***** GIVEN INFORMATION *****
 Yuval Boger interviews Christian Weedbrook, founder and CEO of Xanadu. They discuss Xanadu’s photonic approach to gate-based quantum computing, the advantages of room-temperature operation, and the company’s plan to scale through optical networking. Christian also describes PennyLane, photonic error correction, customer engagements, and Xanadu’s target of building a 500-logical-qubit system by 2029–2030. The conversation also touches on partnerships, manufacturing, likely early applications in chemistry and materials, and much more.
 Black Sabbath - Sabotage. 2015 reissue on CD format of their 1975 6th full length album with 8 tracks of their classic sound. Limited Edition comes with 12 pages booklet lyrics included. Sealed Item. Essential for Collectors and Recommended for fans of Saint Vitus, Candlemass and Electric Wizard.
*****
***** GIVEN INFORMATION *****
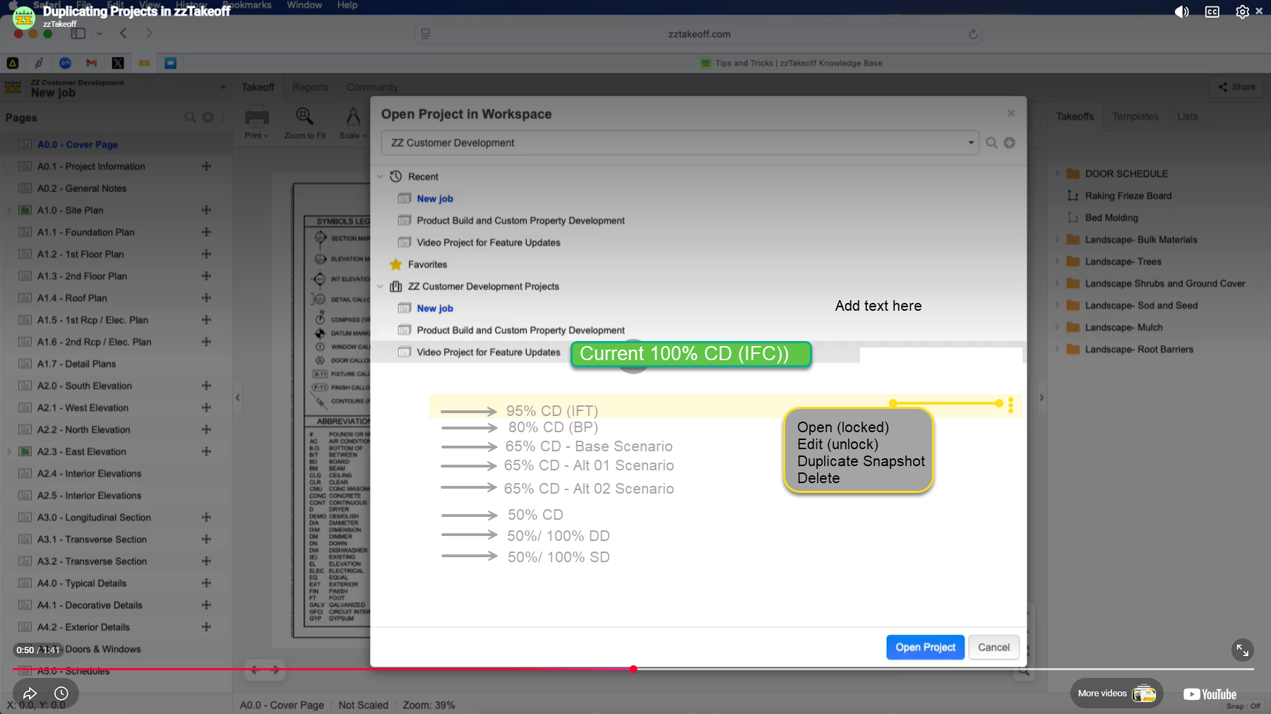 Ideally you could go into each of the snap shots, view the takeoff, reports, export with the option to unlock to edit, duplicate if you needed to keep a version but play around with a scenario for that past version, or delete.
*****
***** GIVEN INFORMATION *****
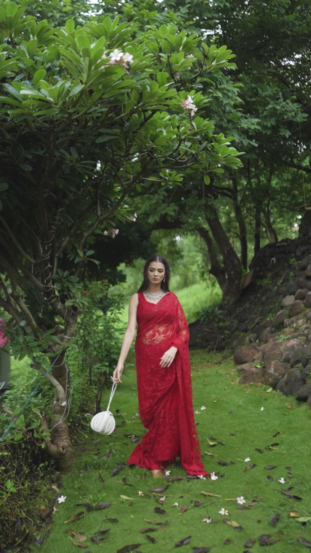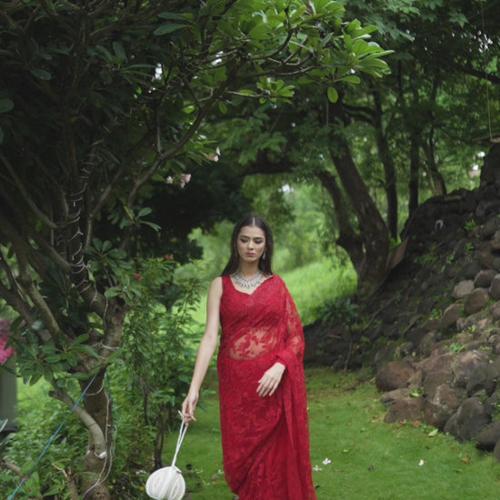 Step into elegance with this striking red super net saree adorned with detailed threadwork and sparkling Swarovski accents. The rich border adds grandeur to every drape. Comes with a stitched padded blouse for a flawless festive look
*****
## [TASK DETAILS]
Only the lines from the one containing "Yuval Boger interviews" through the one containing "Black Sabbath - Sabotage." are to be retyped, both boundary lines included, with no other material.

## [EXPECTED OUTPUT]
 Yuval Boger interviews Christian Weedbrook, founder and CEO of Xanadu. They discuss Xanadu’s photonic approach to gate-based quantum computing, the advantages of room-temperature operation, and the company’s plan to scale through optical networking. Christian also describes PennyLane, photonic error correction, customer engagements, and Xanadu’s target of building a 500-logical-qubit system by 2029–2030. The conversation also touches on partnerships, manufacturing, likely early applications in chemistry and materials, and much more.
 Black Sabbath - Sabotage. 2015 reissue on CD format of their 1975 6th full length album with 8 tracks of their classic sound. Limited Edition comes with 12 pages booklet lyrics included. Sealed Item. Essential for Collectors and Recommended for fans of Saint Vitus, Candlemass and Electric Wizard.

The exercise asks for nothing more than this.